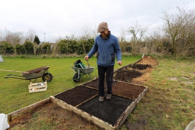 Steph and I created a no dig bed with four parts, each of which has a different compost as the surface layer of 4cm, about 1.5in depth. Underneath is the same base layer of 3in composted cow manure, then 1.5in green waste compost.
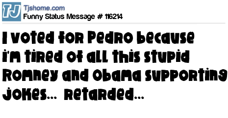 X says I voted for Pedro because i'm tired of all this stupid Romney and Obama supporting jokes... retarded...
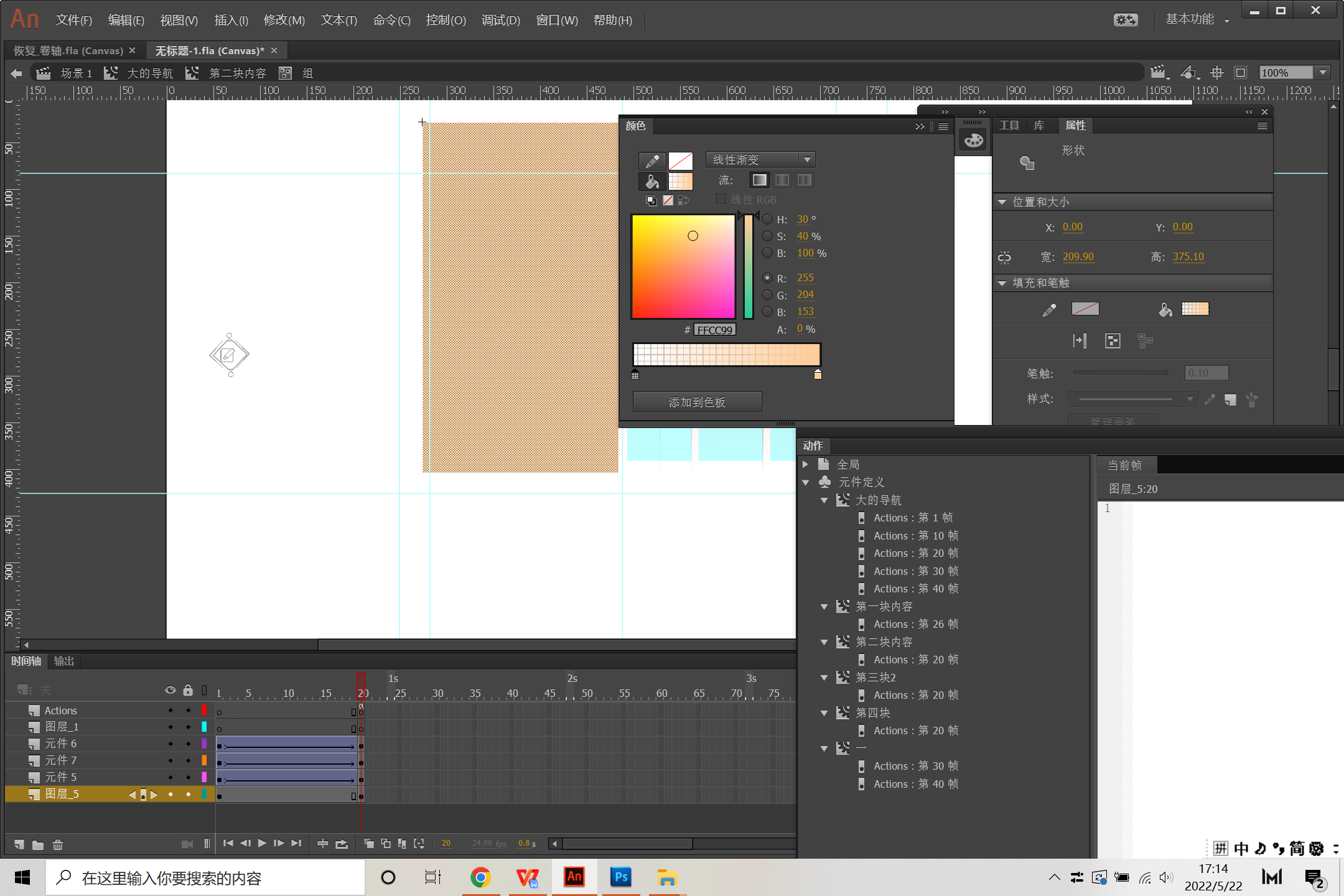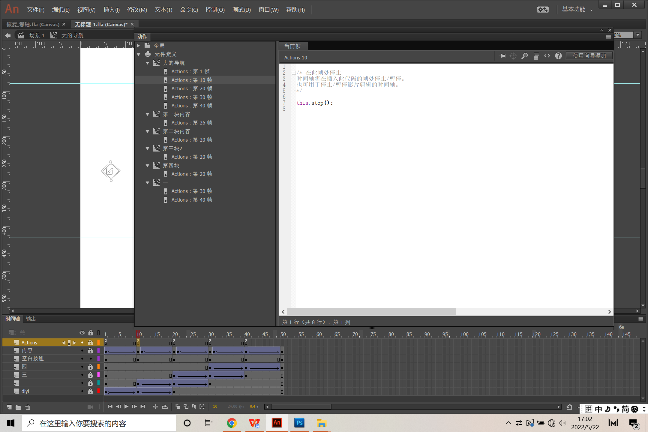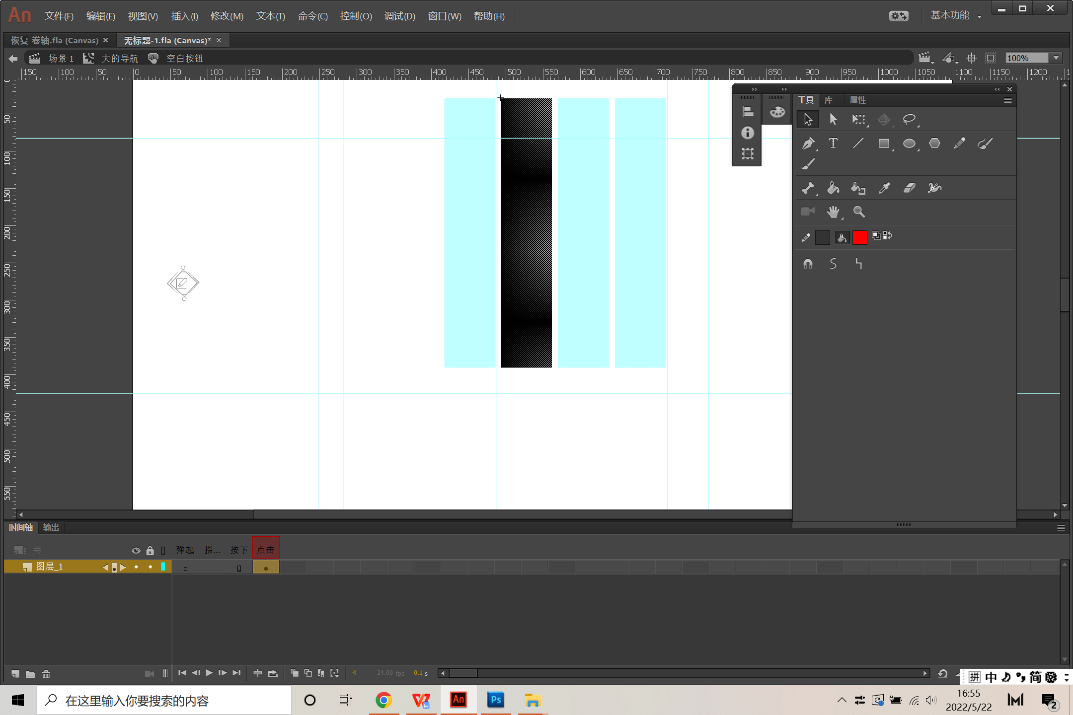 4、回到上一级,让那内容影片剪辑也制作成从无到有的动画。整体按要求排列好。

_DIRECTIONS_
Send back the data above word for word, with the pictures left out.

_EXPECTED ANSWER_
 Steph and I created a no dig bed with four parts, each of which has a different compost as the surface layer of 4cm, about 1.5in depth. Underneath is the same base layer of 3in composted cow manure, then 1.5in green waste compost.
 X says I voted for Pedro because i'm tired of all this stupid Romney and Obama supporting jokes... retarded...
 4、回到上一级,让那内容影片剪辑也制作成从无到有的动画。整体按要求排列好。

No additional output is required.